## Work required
Print the listing below word for word, but drop any pictures it contains.

## Recorded data

***

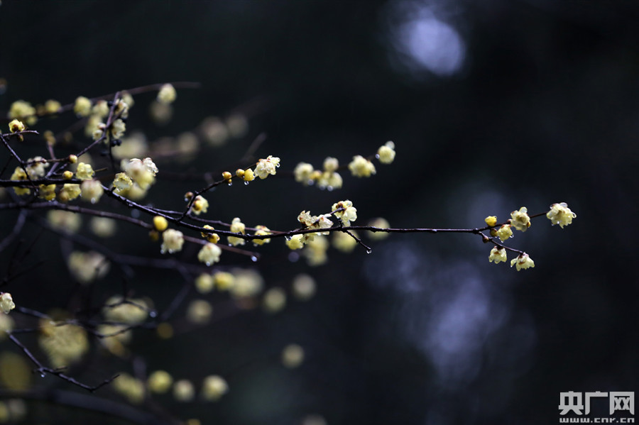 央廣網(wǎng)杭州1月5日消息(記者魏煒)“墻角數(shù)枝梅,凌寒獨(dú)自開(kāi)。遙知不是雪,為有暗香來(lái)!1月4日,杭州植物園內(nèi)靈峰臘梅在寒冬中傲然開(kāi)放,淡黃色的半透明花瓣在雨中層層綻放,暗香浮動(dòng),散發(fā)出沁人心脾的淡淡清香。
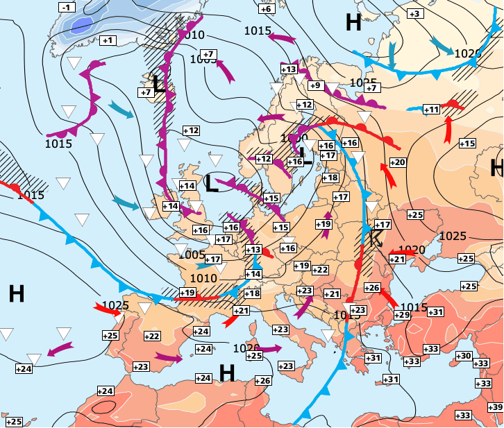 + Les régions du Nord resteront influencées par ce courant perturbé océanique (avec tout de même une hausse temporaire des températures d’ici vendredi).
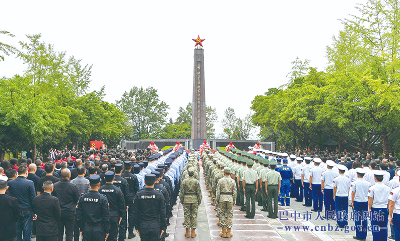 9月30日,巴中市向人民英雄敬獻花籃儀式在川陜蘇區紅軍將士英名紀念碑前廣場舉行。巴中融媒記者 夏雨 攝

***

## Answer section
 央廣網(wǎng)杭州1月5日消息(記者魏煒)“墻角數(shù)枝梅,凌寒獨(dú)自開(kāi)。遙知不是雪,為有暗香來(lái)!1月4日,杭州植物園內(nèi)靈峰臘梅在寒冬中傲然開(kāi)放,淡黃色的半透明花瓣在雨中層層綻放,暗香浮動(dòng),散發(fā)出沁人心脾的淡淡清香。
 + Les régions du Nord resteront influencées par ce courant perturbé océanique (avec tout de même une hausse temporaire des températures d’ici vendredi).
 9月30日,巴中市向人民英雄敬獻花籃儀式在川陜蘇區紅軍將士英名紀念碑前廣場舉行。巴中融媒記者 夏雨 攝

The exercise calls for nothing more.